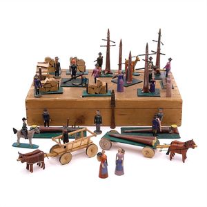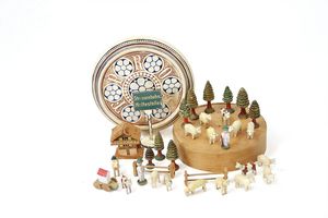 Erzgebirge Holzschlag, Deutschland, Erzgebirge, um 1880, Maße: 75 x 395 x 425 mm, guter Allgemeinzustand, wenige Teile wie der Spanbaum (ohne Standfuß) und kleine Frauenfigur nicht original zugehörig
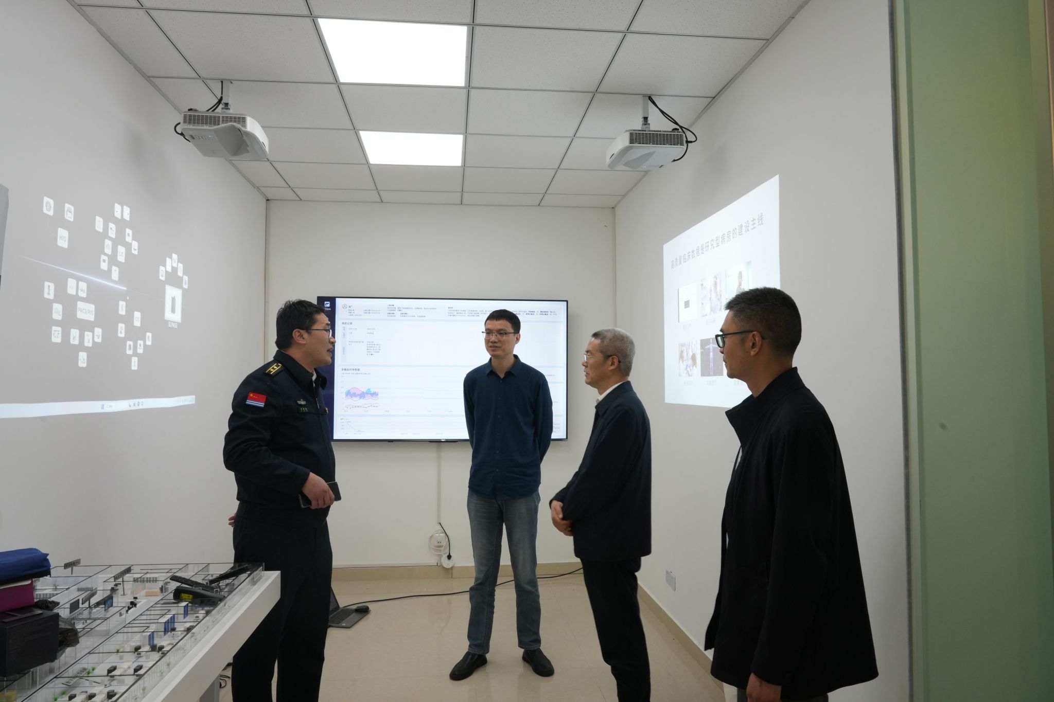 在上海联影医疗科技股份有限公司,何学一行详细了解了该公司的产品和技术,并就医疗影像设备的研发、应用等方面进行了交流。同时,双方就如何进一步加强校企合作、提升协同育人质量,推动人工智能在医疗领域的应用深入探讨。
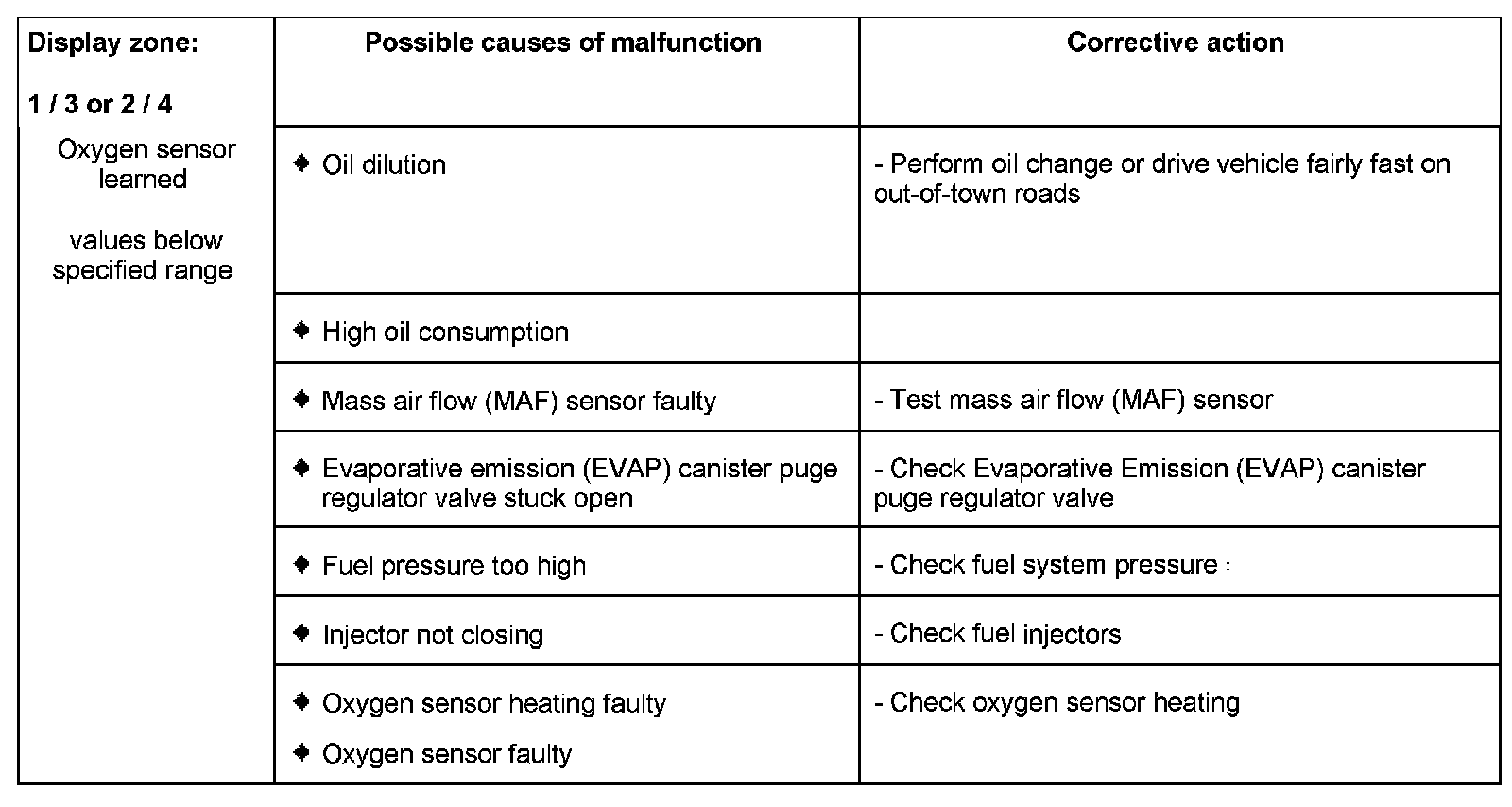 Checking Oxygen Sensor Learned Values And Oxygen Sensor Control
◆ ◆ ◆ ◆
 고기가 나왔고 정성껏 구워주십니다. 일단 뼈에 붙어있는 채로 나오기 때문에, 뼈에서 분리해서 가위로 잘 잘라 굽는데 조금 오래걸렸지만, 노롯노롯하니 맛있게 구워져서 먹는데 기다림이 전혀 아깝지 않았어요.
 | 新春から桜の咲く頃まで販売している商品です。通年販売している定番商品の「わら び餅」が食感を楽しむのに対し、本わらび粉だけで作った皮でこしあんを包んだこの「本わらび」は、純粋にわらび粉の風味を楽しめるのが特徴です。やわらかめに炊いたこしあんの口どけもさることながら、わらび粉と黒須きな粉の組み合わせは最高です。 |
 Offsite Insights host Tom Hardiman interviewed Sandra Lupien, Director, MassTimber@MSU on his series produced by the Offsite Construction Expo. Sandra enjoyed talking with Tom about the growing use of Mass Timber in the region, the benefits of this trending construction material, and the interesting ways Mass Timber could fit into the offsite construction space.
◆ ◆ ◆ ◆
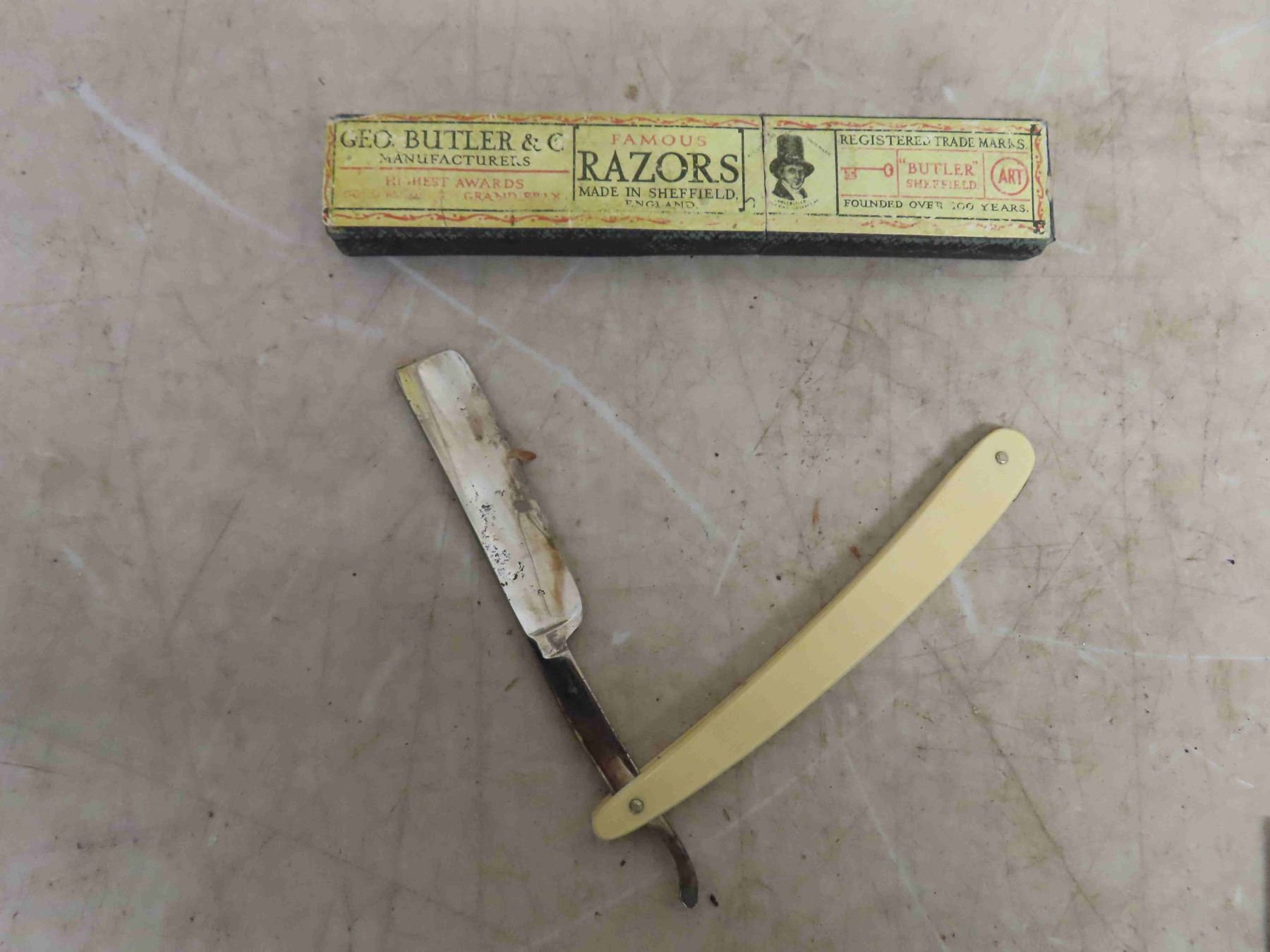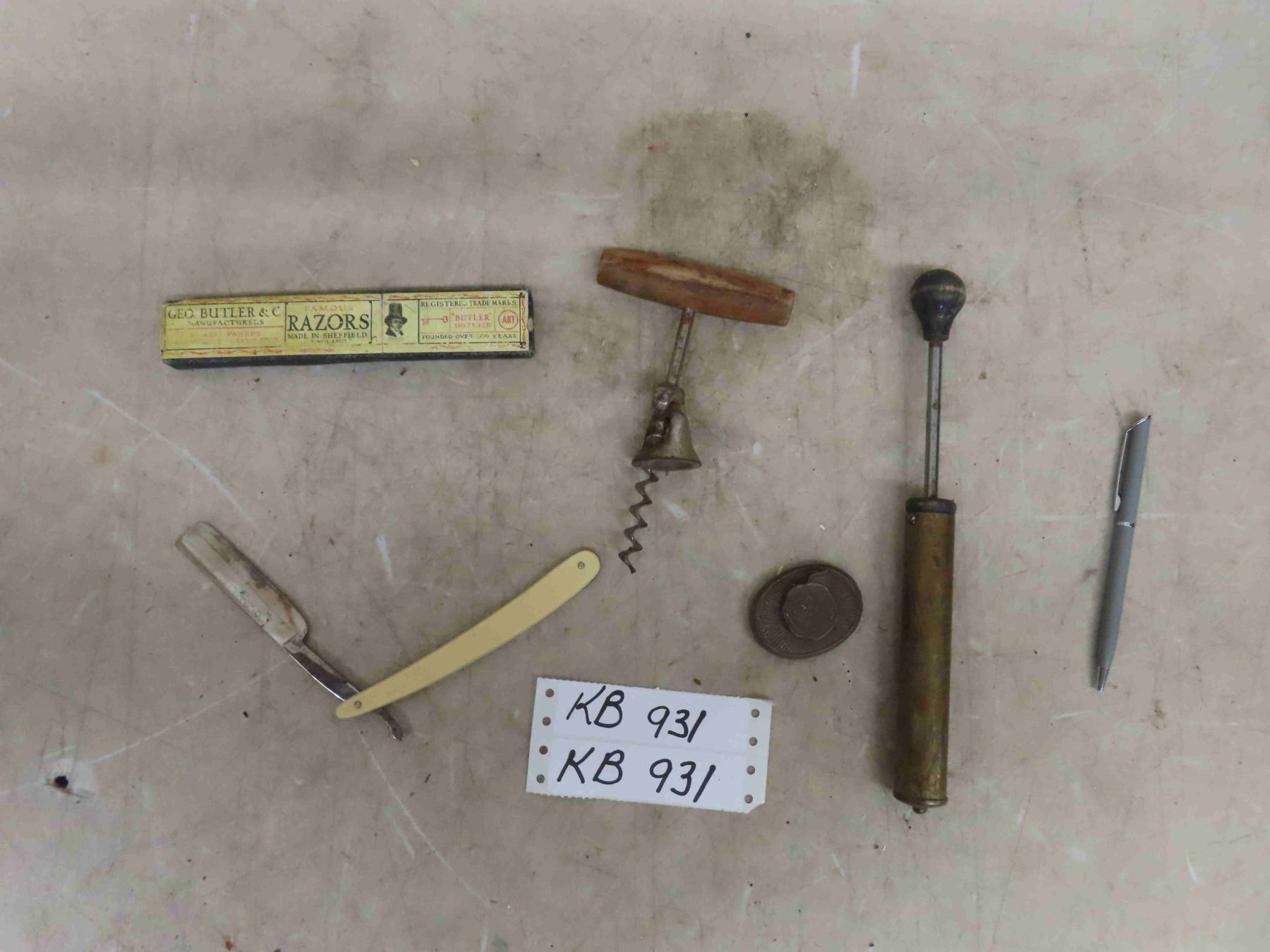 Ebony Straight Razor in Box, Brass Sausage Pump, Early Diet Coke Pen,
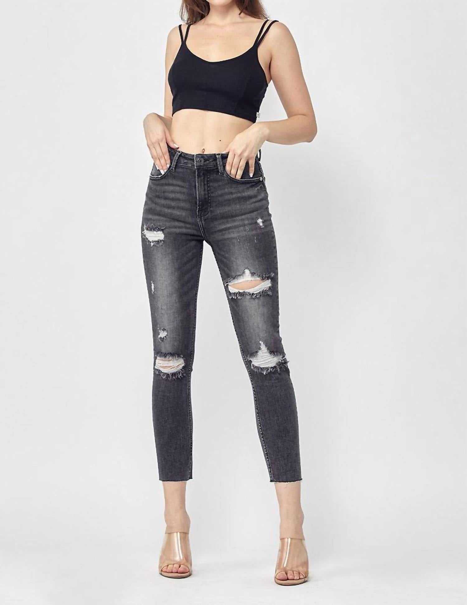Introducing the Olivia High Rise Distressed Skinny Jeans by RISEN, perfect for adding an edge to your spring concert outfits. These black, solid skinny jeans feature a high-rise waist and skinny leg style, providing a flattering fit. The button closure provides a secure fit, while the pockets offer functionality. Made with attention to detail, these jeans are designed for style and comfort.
◆ ◆ ◆ ◆
**The problem**
Your task is to copy only the lines above starting at the one containing "Erzgebirge Holzschlag, Deutschland, Erzgebirge, um" and ending at the one containing "Checking Oxygen Sensor". Copy them exactly, both ends included, and omit the pictures.

**Result**
 Erzgebirge Holzschlag, Deutschland, Erzgebirge, um 1880, Maße: 75 x 395 x 425 mm, guter Allgemeinzustand, wenige Teile wie der Spanbaum (ohne Standfuß) und kleine Frauenfigur nicht original zugehörig
 在上海联影医疗科技股份有限公司,何学一行详细了解了该公司的产品和技术,并就医疗影像设备的研发、应用等方面进行了交流。同时,双方就如何进一步加强校企合作、提升协同育人质量,推动人工智能在医疗领域的应用深入探讨。
 Checking Oxygen Sensor Learned Values And Oxygen Sensor Control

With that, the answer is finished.